Frères et sœurs, nous allons, je l’espère, être nombreux à être guéris ce matin d’une bien étrange maladie. Il ne s’agit non pas d’un virus contagieux, mais d’une sorte de surdité partielle dont les symptômes sont les suivants. A l’audition d’un passage biblique, dès que certains mots clefs sont associés au nom de Dieu, tels que colère, vengeance ou même justice, nos oreilles se font tout-à-coup « sélectives ». C’est pour ainsi dire chez beaucoup d’entre nous de l’ordre du réflexe. Notre intelligence percevant ces mots comme une atteinte à l’idée même de Dieu – un Dieu bon ne peut pas être un Dieu vengeur – on en vient à devenir systématiquement étanche à toute une partie de l’Écriture sainte.
Hors dans l’Écriture, Il n’y a pas de textes qui seraient moins inspirés que d’autres, surtout parmi ceux de l’Ancien Testament, si bien que l’on pourrait « faire la sourde oreille » sans manquer à l’essentiel. Dans la Bible, tout est à recevoir comme Parole de Dieu, même et surtout ce qui peut heurter nos oreilles. Pour cela, il faut laisser Dieu lui-même ouvrir ce matin nos oreilles et par suite nos intelligences à sa Parole.
« Voici votre Dieu, c’est la vengeance qui vient, la revanche de Dieu… ». Cette prophétie d’Isaïe proclamée aujourd’hui en première lecture, il nous faut l’entendre jusqu’au bout, même si certains de ses mots gênent nos oreilles et rebutent notre intelligence. Pour guérir de cette surdité partielle qui nous prive des richesses de l’Écriture, notre esprit doit supporter pour un temps l’inconfort d’être déstabilisé par la Parole, comme le sourd-muet de l’Évangile fut guéri en souffrant pour un temps que le Christ lui introduisit les doigts dans les oreilles. Cela n’avait rien d’agréable pour le sourd, mais c’était nécessaire à sa guérison. La Parole n’est pas toujours douce à nos oreilles, mais il nous faut l’entendre.
La Parole en Isaïe nous dit aujourd’hui que le temps de la vengeance de Dieu arrive. Maintenons les oreilles ouvertes, malgré la gêne. « Voici votre Dieu, c’est la vengeance qui vient, la revanche de Dieu. Il vient lui-même et va vous sauver. » Et voici notre attention récompensée et notre intelligence illuminée par la richesse inouïe de la Parole. Cette vengeance divine qui vient, cette revanche, ce n’est rien d’autre que le salut de Dieu.

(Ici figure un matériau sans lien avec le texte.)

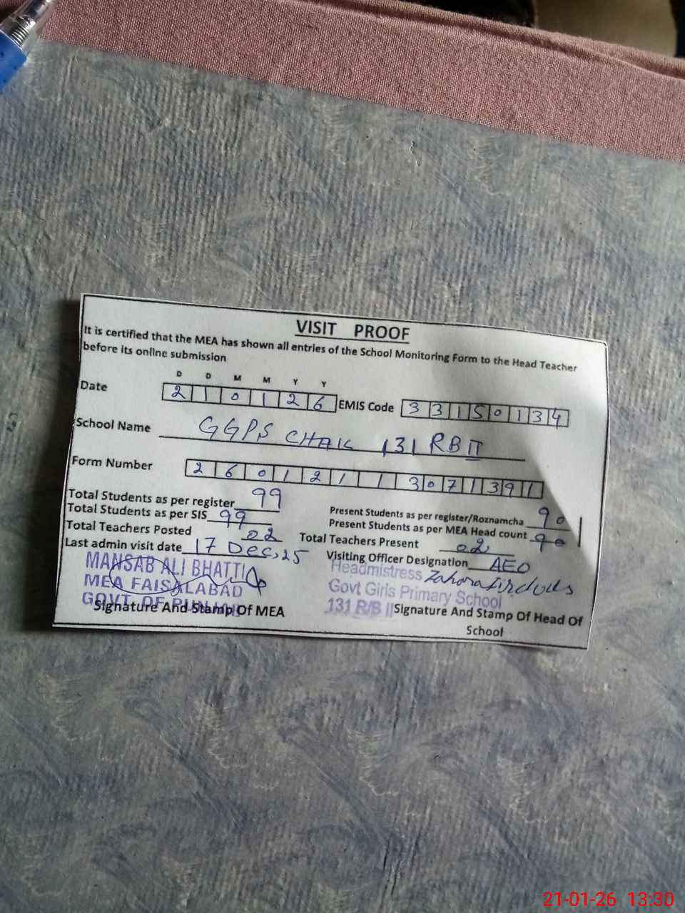 | EMIS Code: 33150134 | Name of School: GGPS CHAK 131 RB II | |||

Vengeance et salut. Il y a là un rapprochement de mots qui choque notre sensibilité. Et pourtant, malgré le caractère antinomique de ces termes, il y a pour nous une vérité à entendre. Dieu a choisi le choc des mots pour révéler un de ses traits de caractère. Le vocable de la vengeance ou de la colère nous dit l’intensité de l’amour divin pour nous. Dieu ne peut se résoudre à voir l’injustice et le mal accabler ses enfants. Pour reprendre les mots du prophète Osée, quand l’homme s’éloigne de Dieu pour suivre son péché, Dieu devient comme un lion, comme un léopard aux aguets, comme une ourse privée de ses petits, prête à fondre sur sa proie pour récupérer ce qui lui appartient. (Os 13, 7-8)
Ainsi, parler de la vengeance de Dieu, c’est tout simplement dire que Dieu ne se résoudra jamais à laisser l’homme sous l’emprise du mal. Dieu a en horreur le mal, surtout lorsqu’il afflige ce qui est précieux à son cœur. La vengeance divine ne dit rien d’autre que l’ardeur de l’amour divin pour ses créatures. Et cette vengeance qui vient, cette vengeance prophétisée par Isaïe, qui ouvrent les yeux des aveugles et les oreilles des sourds, c’est le Christ. Jésus est la revanche de Dieu sur le mal. En suivant le langage paradoxal de l’Écriture, il est possible d’affirmer que Jésus est l’incarnation de la vengeance divine, telle que l’Écriture l’entend. Jésus manifeste en sa chair l’amoureuse et véhémente sollicitude de Dieu que le malheur de l’homme ne laissera jamais indifférent.
Frères et sœurs, laissons la Parole nous déconcerter. Laissons la Parole faire en nous son chemin en perçant tout ce qui peut en nous faire obstacle à sa richesse.